### AVAILABLE DATA
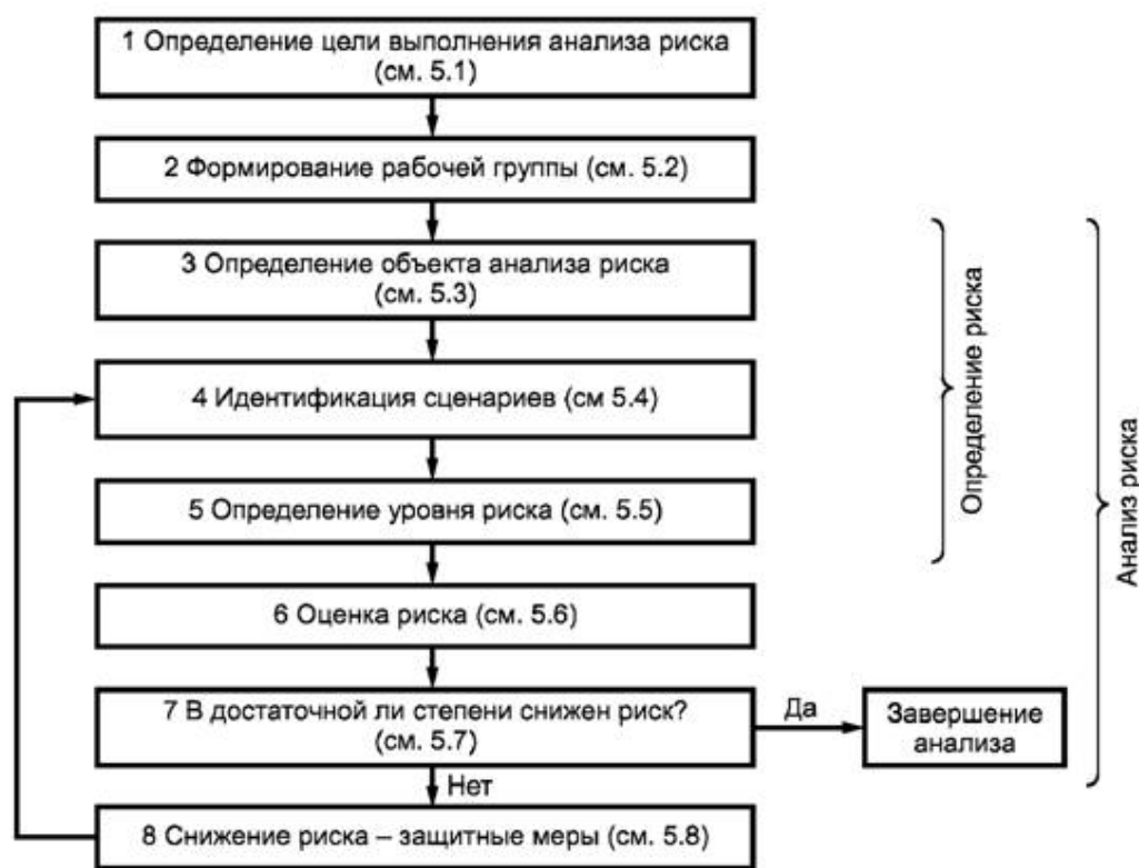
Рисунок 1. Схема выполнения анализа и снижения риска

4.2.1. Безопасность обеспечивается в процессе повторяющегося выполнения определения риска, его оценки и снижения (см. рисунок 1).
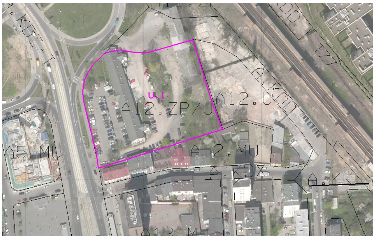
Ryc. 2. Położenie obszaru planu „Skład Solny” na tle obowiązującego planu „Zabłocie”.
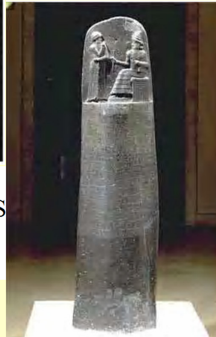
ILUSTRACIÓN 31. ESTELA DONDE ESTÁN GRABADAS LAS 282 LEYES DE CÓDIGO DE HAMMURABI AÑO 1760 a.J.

...

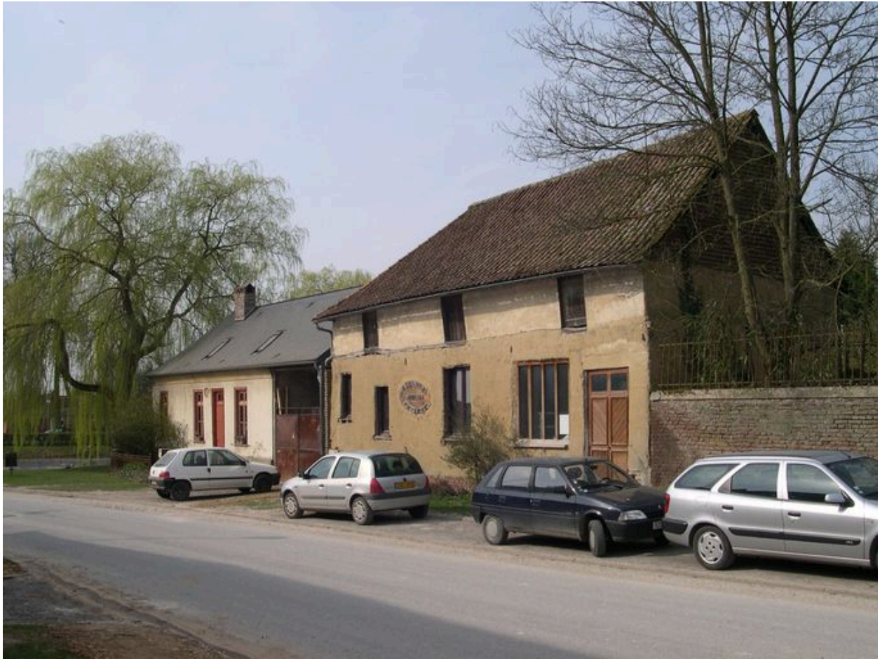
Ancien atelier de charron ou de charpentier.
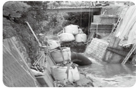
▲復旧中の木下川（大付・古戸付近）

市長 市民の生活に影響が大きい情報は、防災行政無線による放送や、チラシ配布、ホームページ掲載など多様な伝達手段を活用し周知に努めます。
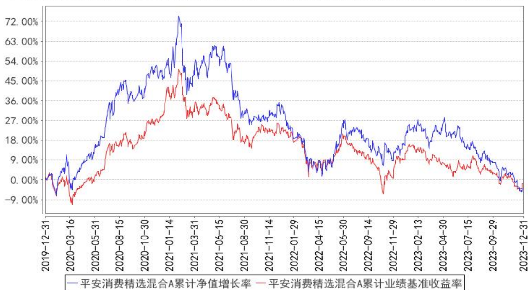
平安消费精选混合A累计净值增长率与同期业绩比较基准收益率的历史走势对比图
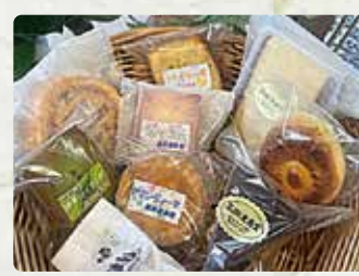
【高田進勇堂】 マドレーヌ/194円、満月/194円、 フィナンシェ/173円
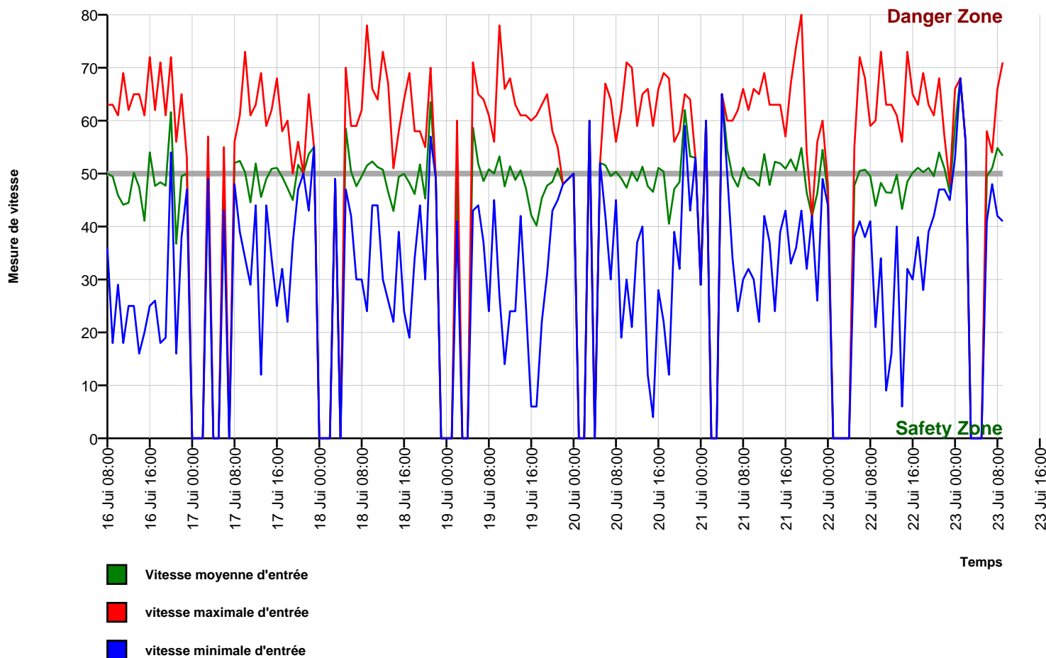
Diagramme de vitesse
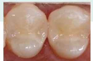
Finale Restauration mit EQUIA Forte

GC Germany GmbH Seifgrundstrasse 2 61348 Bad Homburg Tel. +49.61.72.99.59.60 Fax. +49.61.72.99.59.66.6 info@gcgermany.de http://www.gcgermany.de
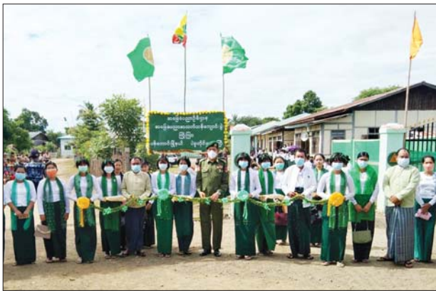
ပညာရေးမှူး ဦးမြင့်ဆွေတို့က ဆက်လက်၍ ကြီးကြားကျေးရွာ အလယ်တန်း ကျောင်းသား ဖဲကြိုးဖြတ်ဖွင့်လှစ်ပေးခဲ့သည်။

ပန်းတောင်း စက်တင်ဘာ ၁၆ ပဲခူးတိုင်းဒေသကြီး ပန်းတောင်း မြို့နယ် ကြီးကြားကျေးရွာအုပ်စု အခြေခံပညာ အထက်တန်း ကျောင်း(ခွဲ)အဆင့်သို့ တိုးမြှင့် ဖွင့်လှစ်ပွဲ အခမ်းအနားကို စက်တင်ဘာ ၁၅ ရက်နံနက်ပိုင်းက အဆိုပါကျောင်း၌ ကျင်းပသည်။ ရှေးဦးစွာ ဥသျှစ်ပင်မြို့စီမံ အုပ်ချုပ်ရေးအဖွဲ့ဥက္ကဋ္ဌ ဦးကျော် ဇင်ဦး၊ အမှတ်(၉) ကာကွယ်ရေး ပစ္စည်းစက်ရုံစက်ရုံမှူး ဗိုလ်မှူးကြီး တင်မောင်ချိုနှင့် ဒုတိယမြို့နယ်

### TASK BRIEF
Wherever the word "снижения" appears in the listing above, copy the whole line.

### ANSWER AREA
Рисунок 1. Схема выполнения анализа и снижения риска
4.2.1. Безопасность обеспечивается в процессе повторяющегося выполнения определения риска, его оценки и снижения (см. рисунок 1).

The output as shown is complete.